Pup finds the explosives in the truck, which blows up real good–then, this time having brought a well-appointed machine shop with them in the back of The Van, the team re-uses the same truck, turning it into a tank. Another issue with this ep is the signing of the documents–it’s been a while since I’ve had this complaint, but pieces of paper do not end fights. Our clients are giving up as if it’s all over simply because someone signed a document. Fortunately the team tanks through the walls of the bad guy place, every one gets punched out, and we win, with our clients taking away an important lesson my reader has known for weeks now–fists end fights, not papers!

Speaking of fists, that brings me to the last problem with this ep. The bad guys refer to our heroes as “guys with machine guns.” As it turns out, the only guns we’ve seen this ep are the gun pop had, the guns the bad guys had, and Hannibal’s pistol. As far as they know, there were no machine guns. Not only that, but Face also charged the clients quite clearly for the machine guns–guns we used or even even saw. He charged them for ammo, too, which means despite the math below, Face still managed to overcharge them by $800.

Now this last one I can perhaps forgive–lovable Face, scoundrel that he is, I don’t think can resist the temptation of scamming an extra $800 out of the clients while making it look like a discount. Especially if it makes him look good for the girl.

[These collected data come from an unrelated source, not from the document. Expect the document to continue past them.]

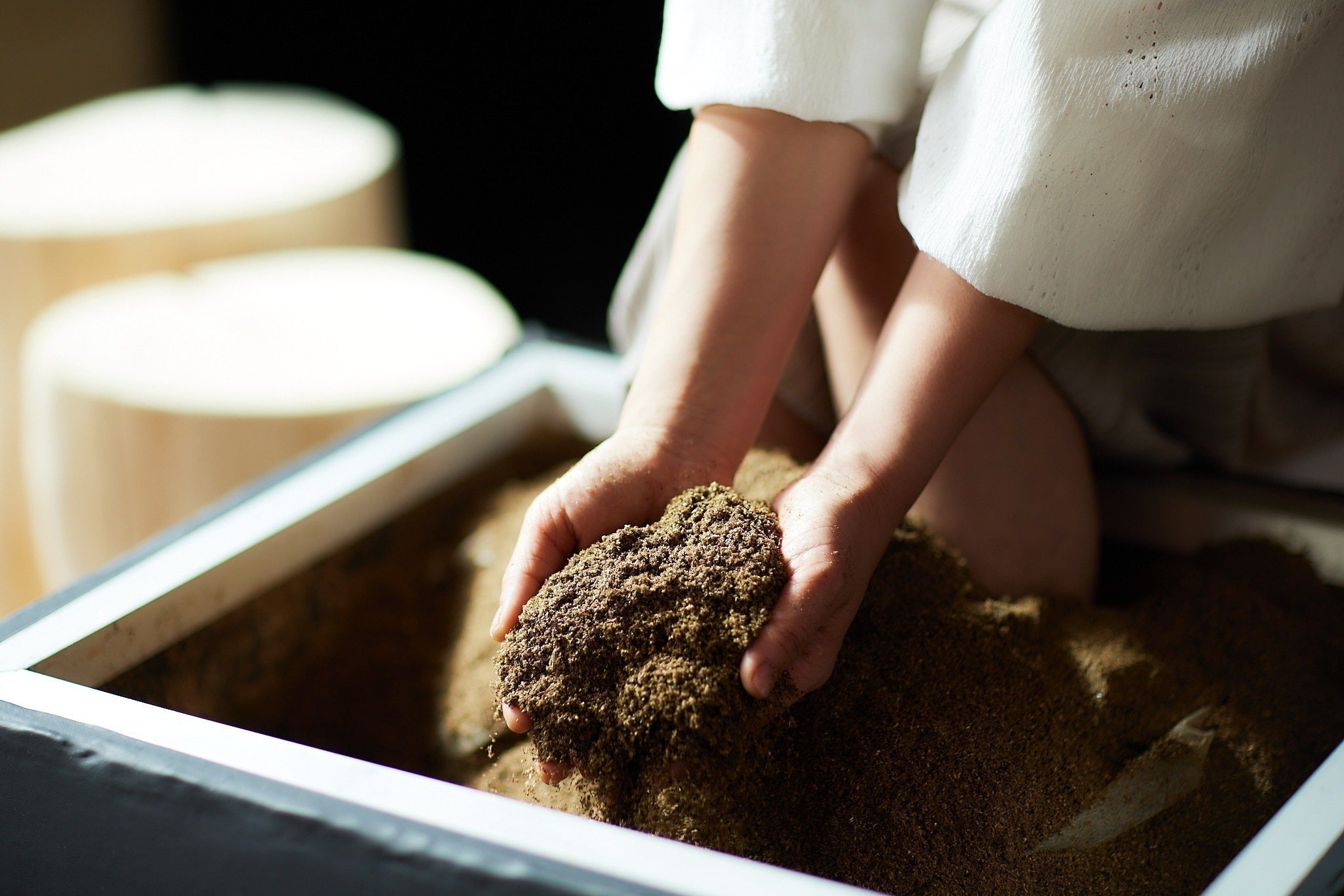 おがくずや米ぬかなどを熟成した良質な酵素に浸かって、微生物が発酵する際に生み出される健康増進に必要な成分と熱で体を温めて改善する温浴法です。
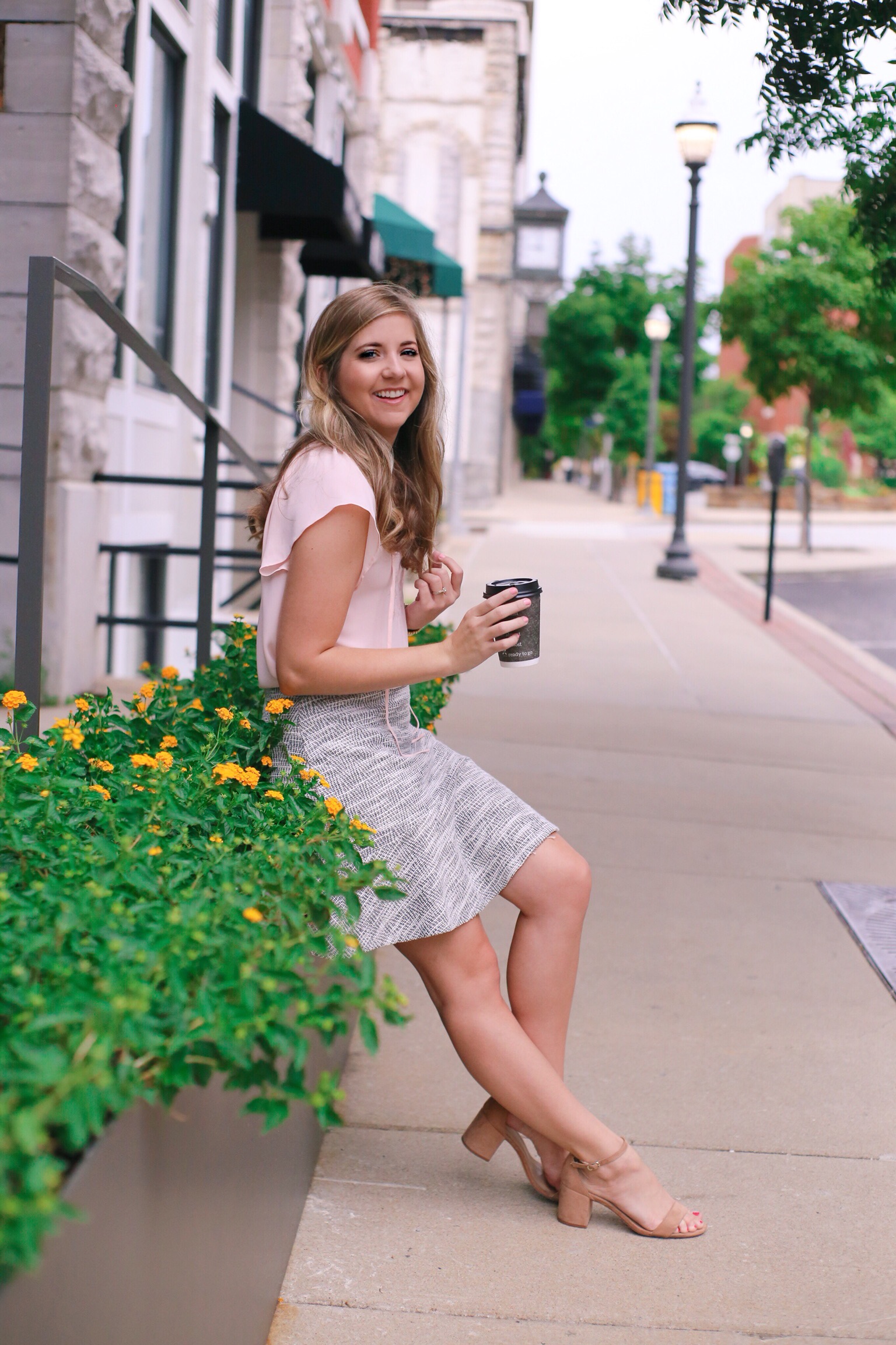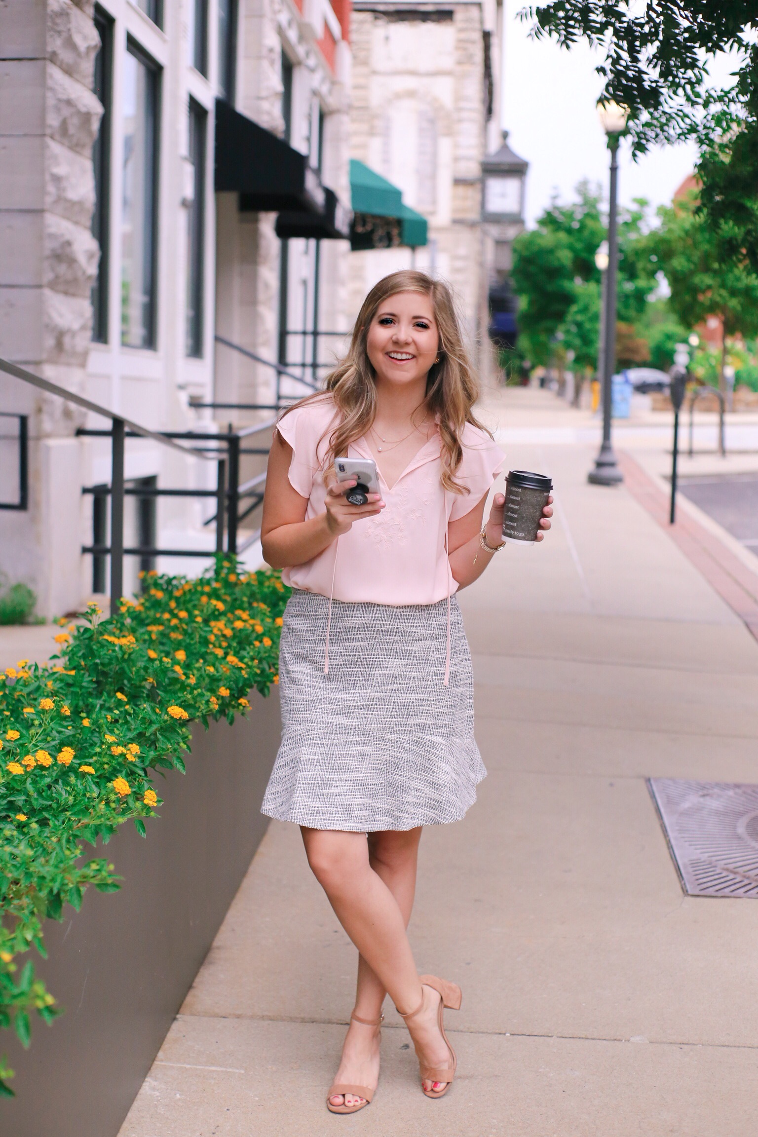 For the day outfit, I styled this pink blouse with this adorable knit skirt with a ruffle hem. I kept it simple with my favorite nude heels. No workwear outfit is complete without a phone in one hand and a coffee in the other.
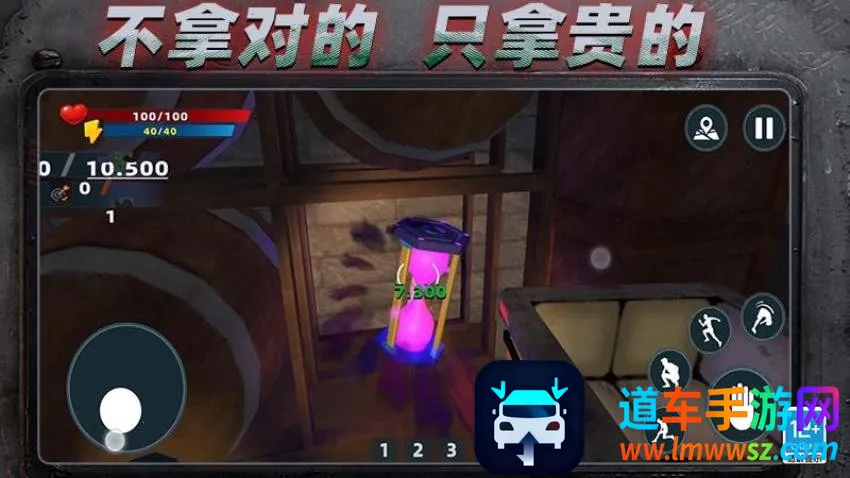 4、物品收集:所遇到的物品有具体价格,可收集贵重物品,物品较多时可扔掉低价物品以便将贵重物品运到基地,在挑战过程中逐步查找物品具体位置还有更多收集条件。
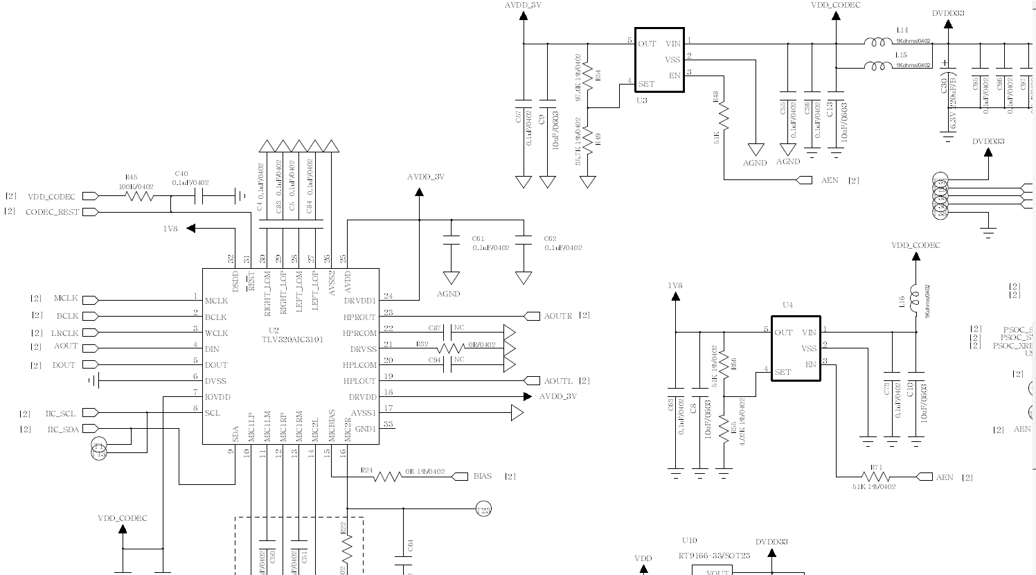 void InitCodec() { volatile unsigned int delay = 0xFFF; /* Select Page 0 */ CodecRegWrite(AIC31_P0_REG0, 0,sizeof(CodecWrite)); /* Reset the codec */ CodecRegWrite(AIC31_P0_REG1, AIC31_RESET,sizeof(CodecWrite)); while(delay--); CodecRegWrite(AIC31_P0_REG9, (0u << 6u | 2u << 4u),sizeof(CodecWrite)); CodecRegWrite(AIC31_P0_REG10, 0,sizeof(CodecWrite)); CodecRegWrite( AIC31_P0_REG8, 0x00,sizeof(CodecWrite)); CodecRegWrite(AIC31_P0_REG7, 0x0A,sizeof(CodecWrite)); //set ADC CodecRegWrite(AIC31_P0_REG15, 0x00,sizeof(CodecWrite)); CodecRegWrite(AIC31_P0_REG16, 0x00,sizeof(CodecWrite)); CodecRegWrite(AIC31_P0_REG17, 0x0F,sizeof(CodecWrite)); //CodecRegWrite(AIC31_P0_REG18, 0xF0,sizeof(CodecWrite)); CodecRegWrite(AIC31_P0_REG25, 0x40,sizeof(CodecWrite)); CodecRegWrite(AIC31_P0_REG19, 0x7c,sizeof(CodecWrite)); //CodecRegWrite(AIC31_P0_REG22, 0x04,sizeof(CodecWrite)); //set DAC CodecRegWrite(AIC31_P0_REG37, 0xE0,sizeof(CodecWrite)); CodecRegWrite(AIC31_P0_REG41, 0x02,sizeof(CodecWrite)); CodecRegWrite(AIC31_P0_REG42, 0x6C,sizeof(CodecWrite)); CodecRegWrite(AIC31_P0_REG47, 0x80,sizeof(CodecWrite)); //CodecRegWrite(AIC31_P0_REG46, 0x80,sizeof(CodecWrite)); CodecRegWrite(AIC31_P0_REG51, 0x01,sizeof(CodecWrite)); CodecRegWrite(AIC31_P0_REG64, 0x80,sizeof(CodecWrite)); //CodecRegWrite(AIC31_P0_REG63, 0x80,sizeof(CodecWrite)); CodecRegWrite(AIC31_P0_REG65, 0x01,sizeof(CodecWrite)); CodecRegWrite(AIC31_P0_REG43, 0x00,sizeof(CodecWrite)); CodecRegWrite(AIC31_P0_REG44, 0x00,sizeof(CodecWrite)); CyDelay(500);//500ms CodecRegWrite(AIC31_P0_REG51, 0x09,sizeof(CodecWrite)); CodecRegWrite(AIC31_P0_REG65, 0x09,sizeof(CodecWrite)); }
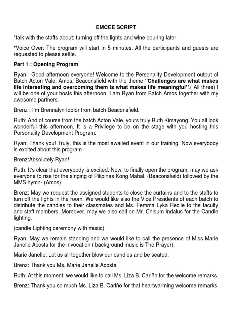 Emcee Script. 1 | PDF

Special Feature: A-Team Pricing

We got some terrific data this episode that lets us actually calculate what it costs to hire the A-Team! It’s been a while since we’ve had a lesson in Face Does Accounting, but here are the numbers he gave us:

  • Two day job, paying $3650 total
  • Cookbook: (estimated $20)
  • Four Ruger Mini-14 guns @ $100/day each (totaling $800)
  • Miscelaneous Ammo (let’s assume 100 rounds @ $0.30/each totalling $30)

The team’s going rate can be estimated as $1400/day. Adjusted for inflation, that’s $3348/day in today’s (2019) money. That’s a bit under one month’s income for an average American ($3922). You could further say it’s about $40/hr for each man, but it’s unrealistic to assume an 8 hour work day.

Spend a month’s wages to hire the A-Team for a day? I’d do that, even if just to take’em to lunch and hang out! Of course we’d probably want at least one gun, so call it an even $3500. B.A., I’ll even make sure there’s plenty of milk on hand for you!